Understanding Expected SARSA in Reinforcement Learning Techniques
Written on
Introduction to Expected SARSA
This section offers a brief overview of Expected SARSA, along with a comparative analysis of SARSA, Expected SARSA, and Q-Learning.
Reinforcement Learning Essentials
Reinforcement Learning (RL) focuses on enabling an agent to determine the best control strategy for a sequential decision-making challenge within an environment. The goal is to maximize its long-term rewards through continuous interactions with that environment. Each interaction modifies the environment's state, leading to a numerical reward provided by the environment. This concept is elaborated in "Reinforcement Learning: An Introduction" by Richard S. Sutton and Andrew G. Barto.
Both SARSA and Expected SARSA, along with Q-Learning, fall under the category of Temporal Difference (TD) algorithms. TD methods learn directly from experiences gained by interacting with the environment without requiring a model of its dynamics. Whenever an agent takes an action, the feedback it receives is utilized to update estimates of its state-action value function, which predicts the long-term discounted rewards associated with specific actions in various states. TD learning is fully incremental, allowing updates before knowing the final results.
Understanding Expected SARSA
Expected SARSA is an adaptation of the traditional SARSA algorithm, which is a well-known on-policy temporal-difference method used in model-free reinforcement learning. It can function both on-policy and off-policy.
- On-Policy vs. Off-Policy: In an off-policy context, similar to Q-Learning, there exist two distinct policies: the behavior policy, which explores the environment to gather diverse samples, and the target policy, which is optimized based on that exploration. Conversely, in the on-policy scenario, as seen with traditional SARSA, the behavior and target policies are the same, with the target policy being refined iteratively as it governs the agent's behavior.
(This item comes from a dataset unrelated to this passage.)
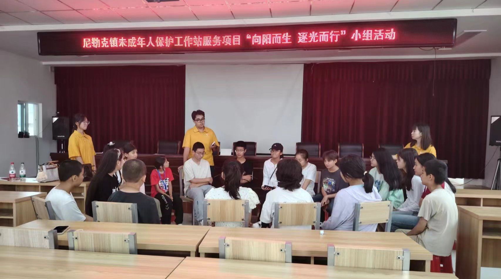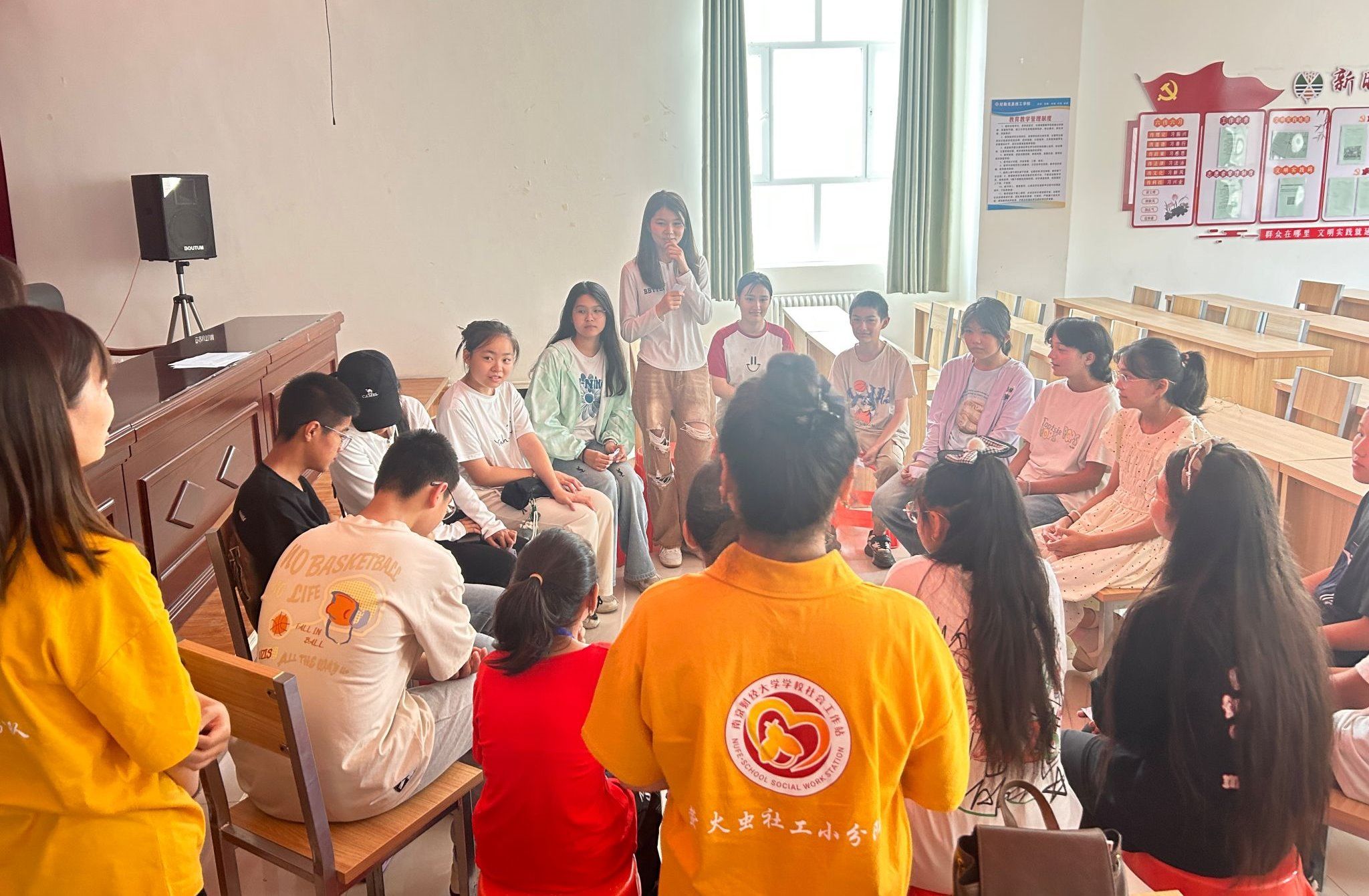 针对12-14岁的初中阶段的青少年,我们设计了以“向阳而生,逐光而行”的成长小组,也分别设计了“独一无二的我”“健康向上的我”“闪闪发光的我”“心想事成的我”“乘风破浪的我”五个单元的小组工作。社工同学们运用同理心、尊重等专业技巧,以趣味文体游戏、户外团队协作活动、民族文化展示、个人分享、剧本演绎等多样形式,引导这些青春期少年们逐渐敞开心扉,从陌生到亲密,从内敛到侃侃而谈,变得越来越自信。“萤火虫”社工学生们正是通过专业服务,秉持“寓教于乐,寓教于趣”的理念,引导这些青少年们努力让自己“靠近光、成为光、散发光”,给这些青少年带来正向的成长观念。

Expected SARSA utilizes the Bellman equation, similar to SARSA, while Q-Learning employs the Bellman optimality equation. The stochastic nature of the behavior and target policies in SARSA introduces significant variance in updates due to non-deterministic action selection.
In contrast, Expected SARSA employs the expected state-action value for the subsequent state, averaging over all potential actions, weighted according to the policy distribution. This approach mitigates the increase in update variance caused by policy stochasticity by focusing on the expected value rather than the specific state-action pair.
For example, SARSA randomly selects an action in a given state, whereas Expected SARSA calculates the expected return based on the policy in that state, thus moving in the same direction as SARSA, which is reflected in its name.
While Expected SARSA is more computationally intensive than SARSA, the use of expected returns helps to lower update variance.
Comparative Analysis of SARSA, Expected SARSA, and Q-Learning
- Sampling Methods: SARSA samples subsequent state-action pairs in a stochastic manner, whereas Q-Learning maximizes over next state-action pairs. Expected SARSA, on the other hand, computes the expected value by considering the likelihood of actions under the current policy.
- Optimal Policy Convergence: SARSA is capable of converging to an optimal policy as long as all state-action pairs are visited infinitely and the policy approaches the ε-greedy policy. Q-Learning's greedy target policy ensures that Q values converge to an optimal Q*. Expected SARSA presents a lower variance alternative to SARSA and functions as an on-policy variant of Q-Learning.
Performance Metrics
When evaluating performance, SARSA tends to outperform Q-Learning in online settings. Expected SARSA consistently exceeds SARSA across all tested step size parameters, particularly in tasks with high policy exploration. The performance gap between Expected SARSA and SARSA narrows in highly stochastic environments.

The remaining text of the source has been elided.